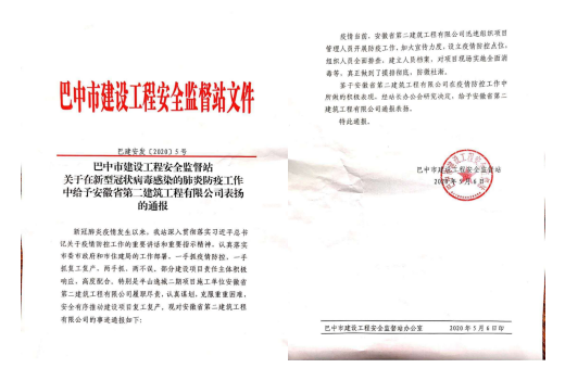 2020年5月6日,四川巴中市安全監(jiān)督站對(duì)安徽二建承建的半山逸城二期項(xiàng)目在新冠肺炎防疫疫情防控和有序復(fù)工復(fù)產(chǎn)工作進(jìn)行通報(bào)表?yè)P(yáng)。
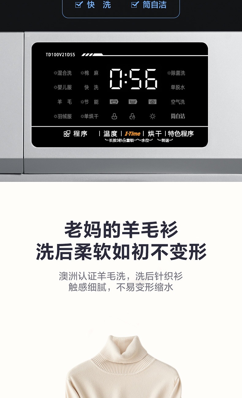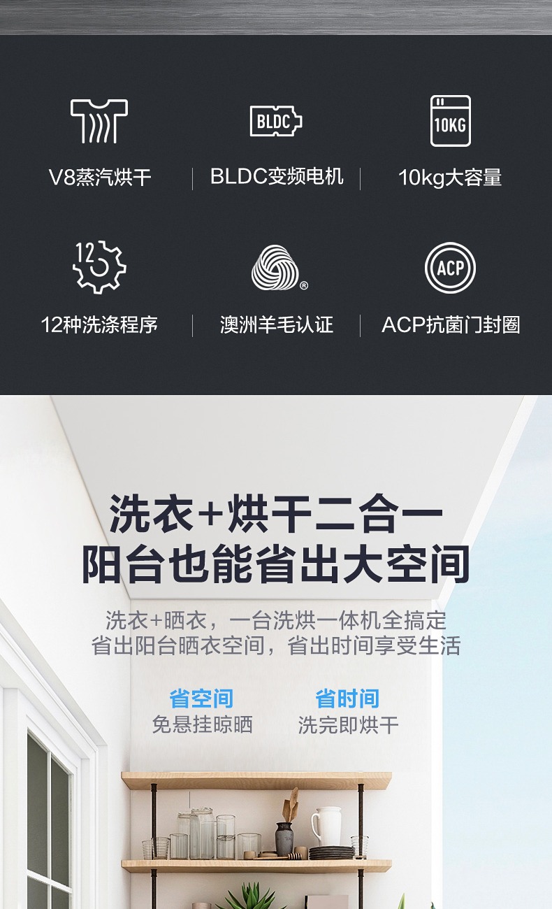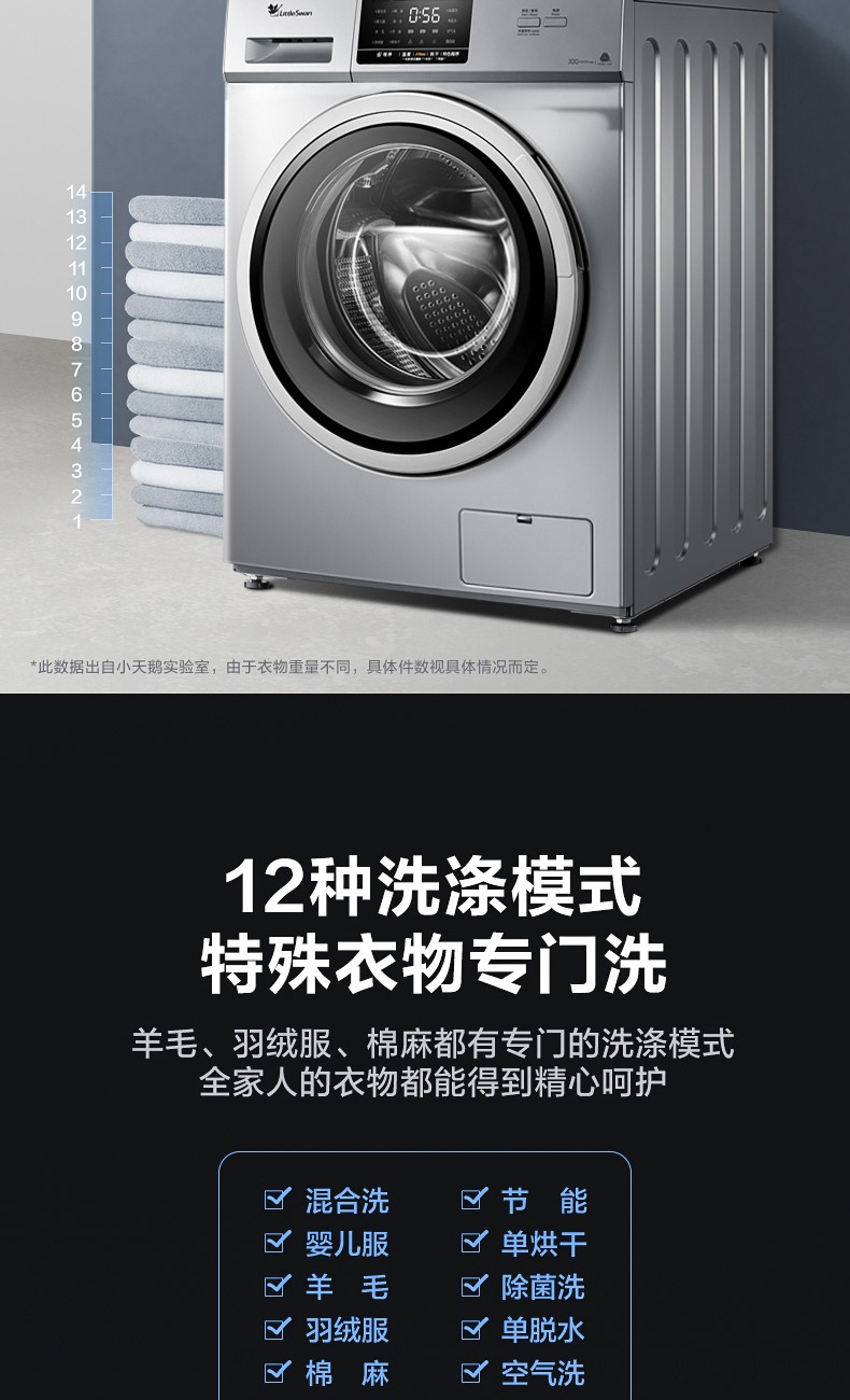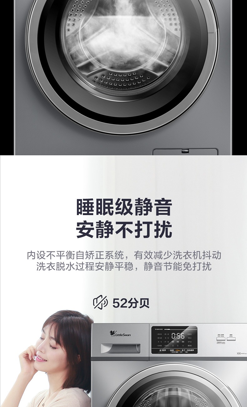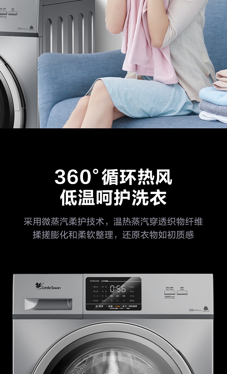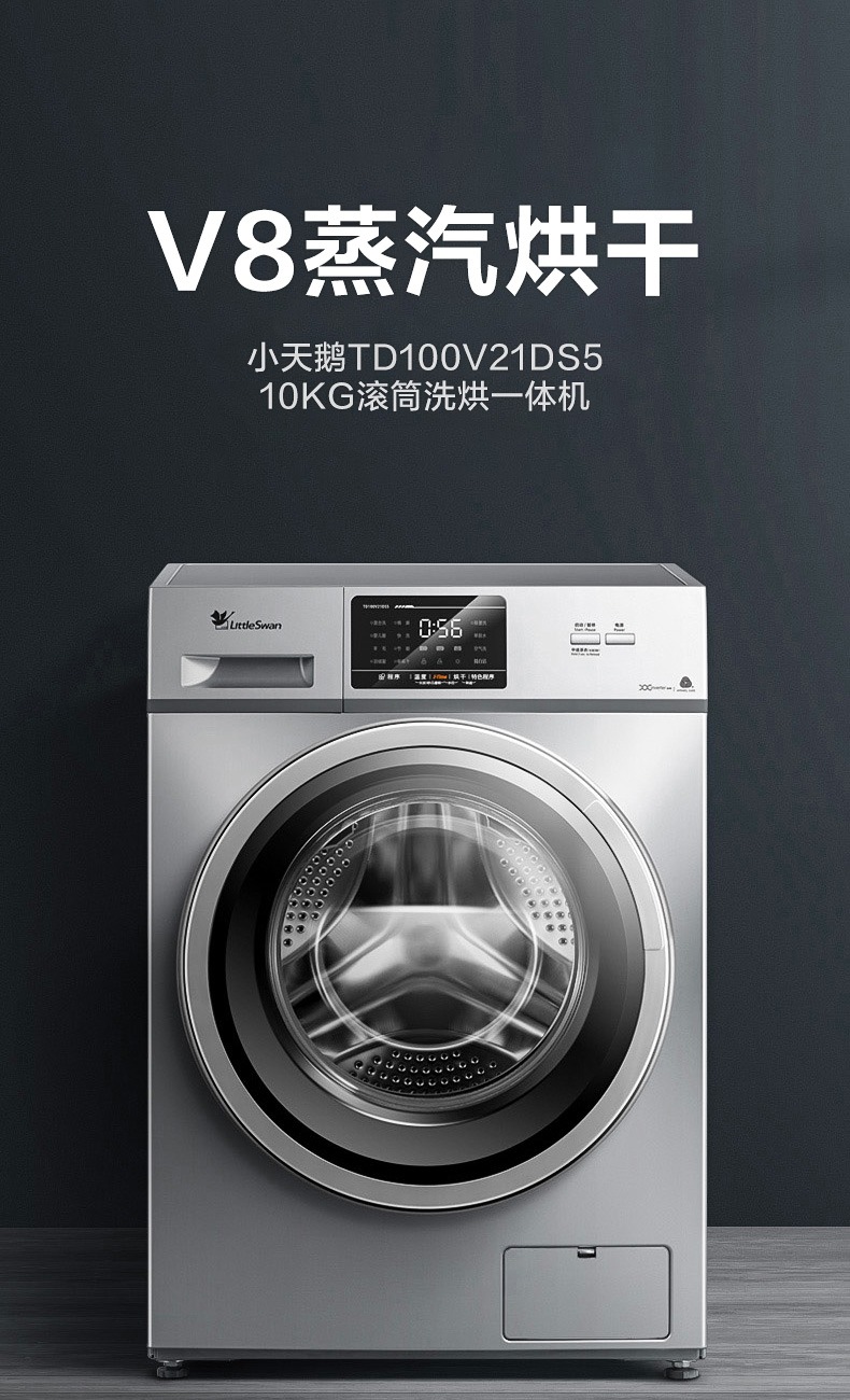 小天鹅滚筒洗衣机全自动家用杀菌洗烘干一体10kgTD100V21DS5
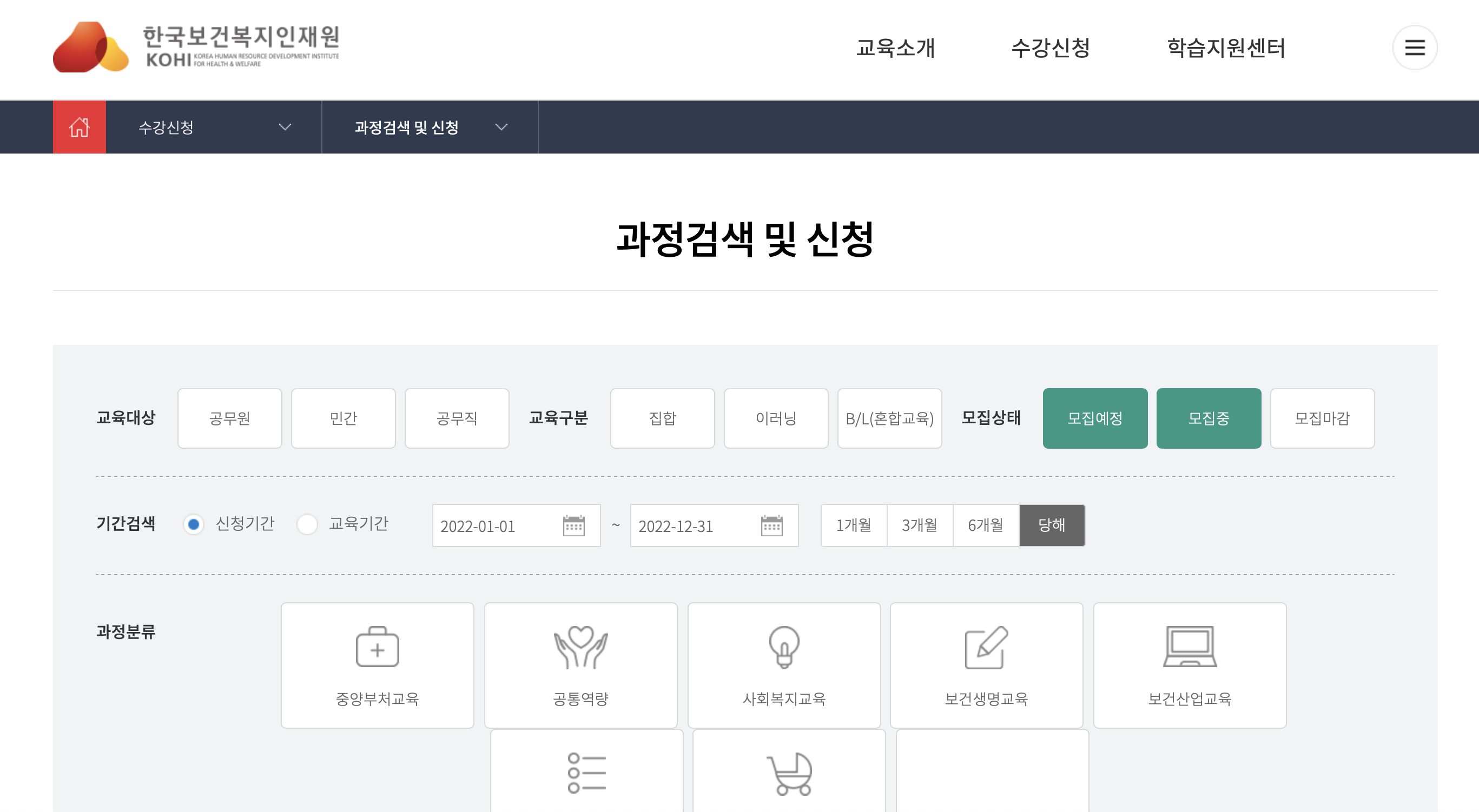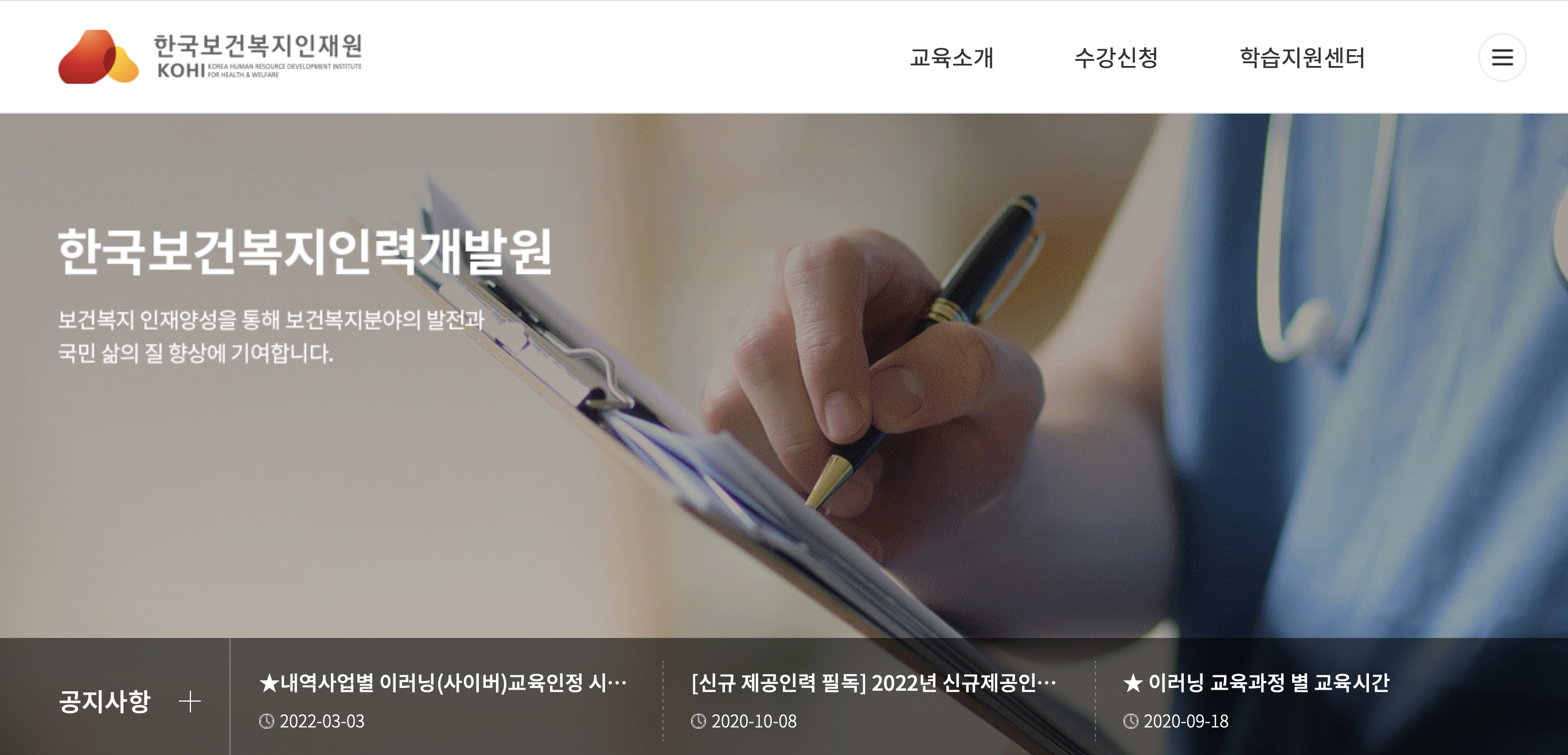 KOHI 보건복지배움인 - https://edu.kohi.or.kr/index.do

• _TASK ITEM_
Starting with the line that holds "小天鹅滚筒洗衣机全自动家用杀菌洗烘干一体10kgTD100V21DS5", transcribe exactly each line through the last one of the material above, and nothing else. Do not include pictures.

• _TASK RESPONSE_
 小天鹅滚筒洗衣机全自动家用杀菌洗烘干一体10kgTD100V21DS5
 KOHI 보건복지배움인 - https://edu.kohi.or.kr/index.do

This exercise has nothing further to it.